Sulla strada principale di Nurdağı , alcune persone distribuiscono volantini elettorali. A poche ore dall’apertura delle urne, l’incognita più grande riguarda il corretto svolgimento delle operazioni di voto. Hatice Kübra Korkmaz, membro della Association of Lawyers for Freedom di Gaziantep, teme che possano verificarsi irregolarità: “Molti decessi non sono ancora stati registrati, potrebbe volerci fino a un anno per i certificati di morte.
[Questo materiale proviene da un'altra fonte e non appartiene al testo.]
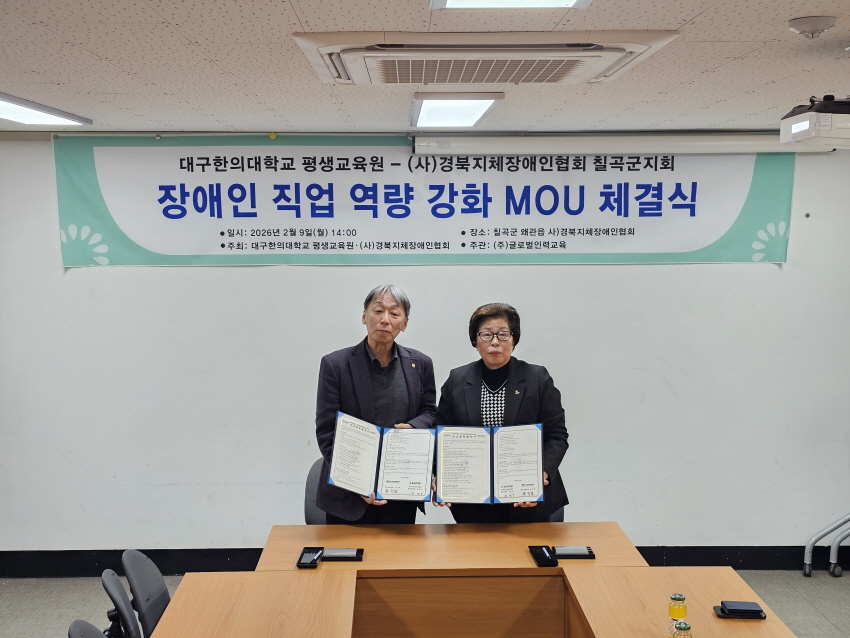 경북지체장애인협회 칠곡군지회(지회장 윤명옥, 이하 칠곡군지회)와 대구한의대학교 평생교육원(원장 권기찬)은 2월 9일, 칠곡군지회 세미나실에서 장애인의 직업 역량 강화와 평생교육 활성화를 위한 업무협약(MOU)을 체결했다.

Per questo c’è chi potrebbe iscriversi alle liste elettorali con i nomi delle vittime e votare più volte”. Nella provincia di Gaziantep, gli osservatori indipendenti della Human Rights Association sono pronti a vigilare sulle operazioni di voto: “Siamo stati contattati anche dall’Osce (l’Organizzazione per la sicurezza e la cooperazione in Europa, ndr)”, assicura Oğhz, “monitoreremo le elezioni nell’area e denunceremo ogni violazione”.

Nel tardo pomeriggio, su Nurdağı inizia a piovere. Davanti a una tenda, i bambini smettono di giocare. Uno di loro si mette a piangere. “Quando c’è stato il terremoto pioveva”, spiega il padre. “Da quel giorno, molti di loro hanno paura della pioggia”. In lontananza, una gru continua a scavare tra le macerie. “Il bilancio ufficiale del terremoto parla di 50 mila vittime in Turchia, ma siamo convinti che il numero sia molto più elevato”, conclude Oğhz.